However, to our knowledge, no prior work studies the challenge of integrating such decomposed feedback in online decision making. Our first contribution is to remedy this gap by proposing a decomposed GP-UCB algorithm (D-GPUCB). D-GPUCB uses a separate GP to model each individual measurable quantity and then combines the estimates to produce a posterior over the final objective. Our second contribution is a theoretical no-regret guarantee for D-GPUCB, ensuring that its decisions are asymptotically optimal. Third, we prove that the posterior variance at each step must be less than the posterior variance of directly using a GP to model the final objective. This formally demonstrates that more detailed modeling reduces predictive uncertainty. Finally, we conduct experiments in two domains using real-world data: flu prevention and heat sensing.
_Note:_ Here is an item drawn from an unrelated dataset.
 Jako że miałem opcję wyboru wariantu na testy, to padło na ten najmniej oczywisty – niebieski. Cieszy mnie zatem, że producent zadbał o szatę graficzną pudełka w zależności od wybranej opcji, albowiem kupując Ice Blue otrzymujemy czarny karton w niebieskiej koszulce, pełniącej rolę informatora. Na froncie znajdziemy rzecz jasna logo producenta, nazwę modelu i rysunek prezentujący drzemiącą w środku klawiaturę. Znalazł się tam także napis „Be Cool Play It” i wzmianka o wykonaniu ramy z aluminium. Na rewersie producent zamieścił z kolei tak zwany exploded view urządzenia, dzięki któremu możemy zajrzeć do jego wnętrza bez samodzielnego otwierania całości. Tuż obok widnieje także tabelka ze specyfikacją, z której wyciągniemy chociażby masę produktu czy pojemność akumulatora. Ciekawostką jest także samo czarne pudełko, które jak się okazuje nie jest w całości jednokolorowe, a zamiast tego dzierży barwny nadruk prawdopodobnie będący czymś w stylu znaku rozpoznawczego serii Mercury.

In each case, D-GPUCB achieves substantially lower cumulative regret than previous approaches.

2 Preliminaries

2.1 Noisy Black-Box Optimization

Given an unknown black-box function \(f: \mathcal {X} \rightarrow \mathbb {R}\) where \(\mathcal {X} \subset \mathbb {R}^n\), a learner is able to select an input \(\varvec{x} \in \mathcal {X}\) and access the function to see the outcome \(f(\varvec{x})\) – this encompasses one evaluation. Gaussian process regression [11] is a non-parametric method to learn the target function using Bayesian methods [5, 13]. It assumes that the target function is an outcome of a Gaussian process with given kernel \(k(\varvec{x},\varvec{x}')\) (covariance function). Gaussian process regression is commonly used and only requires an assumption on the function smoothness. Moreover, Gaussian process regression can handle observation error. It allows the observation at point \(\varvec{x}_t\) to be noisy: \(y_t = f(\varvec{x}_t) + \epsilon _t\), where \(\epsilon _t \sim N(0, \sigma ^2 I)\).

2.2 Decomposition

In this paper, we consider a modification to the Gaussian process regression process. Suppose we have some prior knowledge of the unknown reward function \(f(\varvec{x})\) such that we can write the unknown function as a combination of known and unknown subfunctions:

Definition 1 (Linear Decomposition)

$$\begin{aligned} f(\varvec{x}) = \sum \nolimits _{j=1}^J g_j(\varvec{x}) f_j(\varvec{x}) \end{aligned}$$
(1)

where \(f_j, g_j: \mathbb {R}^n \rightarrow \mathbb {R}\).

Here \(g_j(\varvec{x})\) are known, deterministic functions, but \(f_j(\varvec{x})\) are unknown functions that generate noisy observations. For example, in the flu prevention case, the total infected population can be written as the summation of the infected population at each age [4]. Given treatment policy \(\varvec{x}\), we can use \(f_j(\varvec{x})\) to represent the unknown infected population at age group j with its known, deterministic weighted function \(g_j(\varvec{x}) = 1\). Therefore, the total infected population \(f(\varvec{x})\) can be simply expressed as \(\sum \nolimits _{j=1}^J f_j(\varvec{x})\).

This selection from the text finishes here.